• What to work on: Copy the material below verbatim from the line with "၂၀၂၅ အလွန် ဗဟုဝင်ရိုးကမ္ဘာတွင်" to the line with "hand with a gun on a white background", both lines included, omitting pictures and every line outside that range.

• Dataset extract:
■ ■ ■ ■ ■ ■ ■

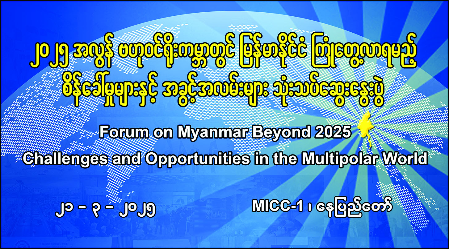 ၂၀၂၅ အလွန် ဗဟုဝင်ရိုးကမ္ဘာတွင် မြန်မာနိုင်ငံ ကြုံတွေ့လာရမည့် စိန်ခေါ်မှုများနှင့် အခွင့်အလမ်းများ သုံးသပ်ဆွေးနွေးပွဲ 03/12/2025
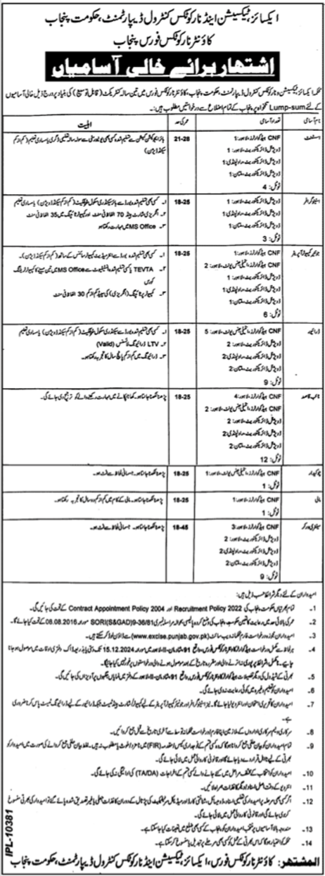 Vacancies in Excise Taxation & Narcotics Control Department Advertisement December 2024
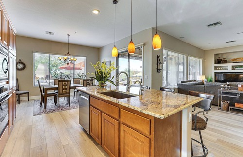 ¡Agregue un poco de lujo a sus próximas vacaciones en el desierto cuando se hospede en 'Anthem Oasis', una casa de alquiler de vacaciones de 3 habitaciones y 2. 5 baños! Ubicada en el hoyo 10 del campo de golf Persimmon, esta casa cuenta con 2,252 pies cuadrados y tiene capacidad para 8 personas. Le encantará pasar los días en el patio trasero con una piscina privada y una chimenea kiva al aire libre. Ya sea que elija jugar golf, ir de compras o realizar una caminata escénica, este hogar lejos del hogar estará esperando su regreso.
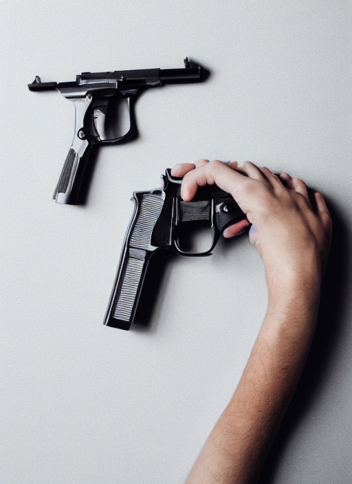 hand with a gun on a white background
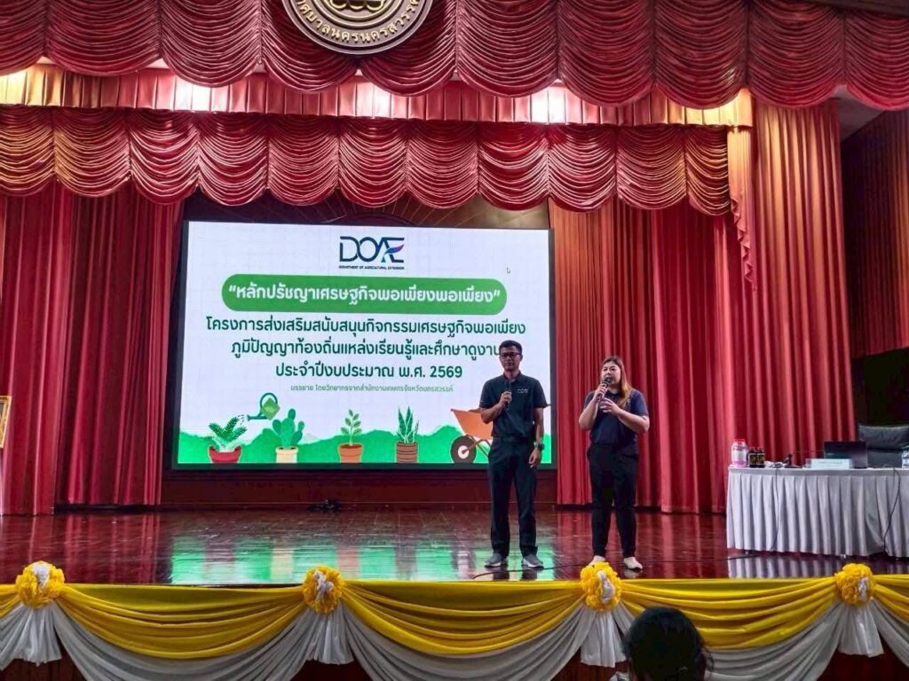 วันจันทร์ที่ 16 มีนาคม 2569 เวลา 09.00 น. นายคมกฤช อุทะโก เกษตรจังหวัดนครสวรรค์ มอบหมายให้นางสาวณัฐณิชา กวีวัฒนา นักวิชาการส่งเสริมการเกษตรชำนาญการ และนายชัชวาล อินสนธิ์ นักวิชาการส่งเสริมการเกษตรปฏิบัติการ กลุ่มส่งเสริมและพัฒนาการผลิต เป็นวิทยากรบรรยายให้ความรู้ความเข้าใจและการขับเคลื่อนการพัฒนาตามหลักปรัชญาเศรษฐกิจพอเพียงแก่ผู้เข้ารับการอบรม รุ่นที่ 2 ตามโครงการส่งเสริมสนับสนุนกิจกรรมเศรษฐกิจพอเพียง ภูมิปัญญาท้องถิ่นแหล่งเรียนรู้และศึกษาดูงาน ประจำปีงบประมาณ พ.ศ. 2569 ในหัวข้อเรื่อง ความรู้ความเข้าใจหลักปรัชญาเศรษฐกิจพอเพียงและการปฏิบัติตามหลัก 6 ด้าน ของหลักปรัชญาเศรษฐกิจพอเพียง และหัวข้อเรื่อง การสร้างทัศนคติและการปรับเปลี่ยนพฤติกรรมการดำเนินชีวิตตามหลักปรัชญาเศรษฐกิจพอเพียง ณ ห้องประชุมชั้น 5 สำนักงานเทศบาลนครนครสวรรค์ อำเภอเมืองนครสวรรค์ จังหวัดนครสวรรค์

■ ■ ■ ■ ■ ■ ■

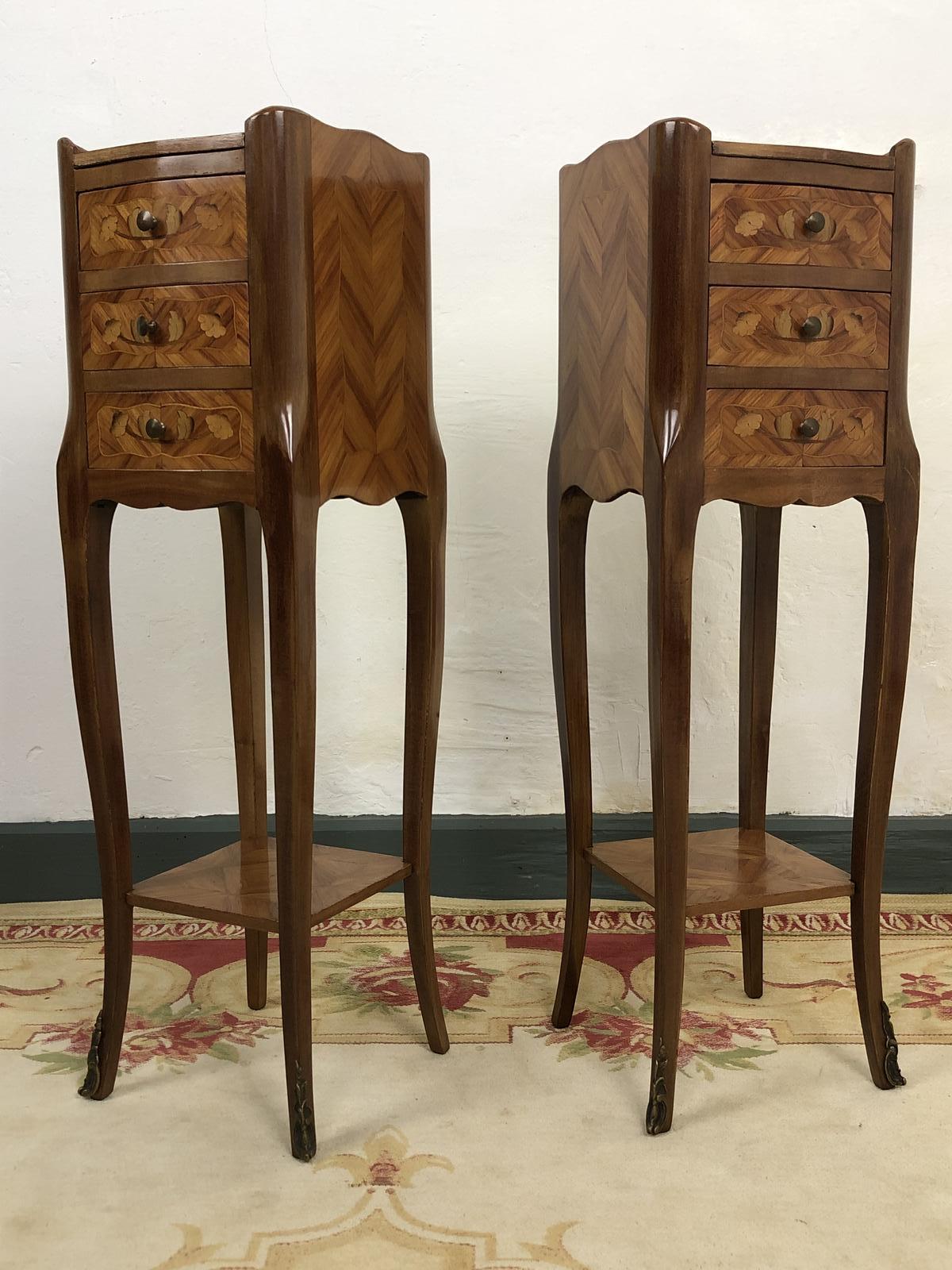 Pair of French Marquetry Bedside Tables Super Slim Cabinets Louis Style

■ ■ ■ ■ ■ ■ ■

• Response to this task:
 ၂၀၂၅ အလွန် ဗဟုဝင်ရိုးကမ္ဘာတွင် မြန်မာနိုင်ငံ ကြုံတွေ့လာရမည့် စိန်ခေါ်မှုများနှင့် အခွင့်အလမ်းများ သုံးသပ်ဆွေးနွေးပွဲ 03/12/2025
 Vacancies in Excise Taxation & Narcotics Control Department Advertisement December 2024
 ¡Agregue un poco de lujo a sus próximas vacaciones en el desierto cuando se hospede en 'Anthem Oasis', una casa de alquiler de vacaciones de 3 habitaciones y 2. 5 baños! Ubicada en el hoyo 10 del campo de golf Persimmon, esta casa cuenta con 2,252 pies cuadrados y tiene capacidad para 8 personas. Le encantará pasar los días en el patio trasero con una piscina privada y una chimenea kiva al aire libre. Ya sea que elija jugar golf, ir de compras o realizar una caminata escénica, este hogar lejos del hogar estará esperando su regreso.
 hand with a gun on a white background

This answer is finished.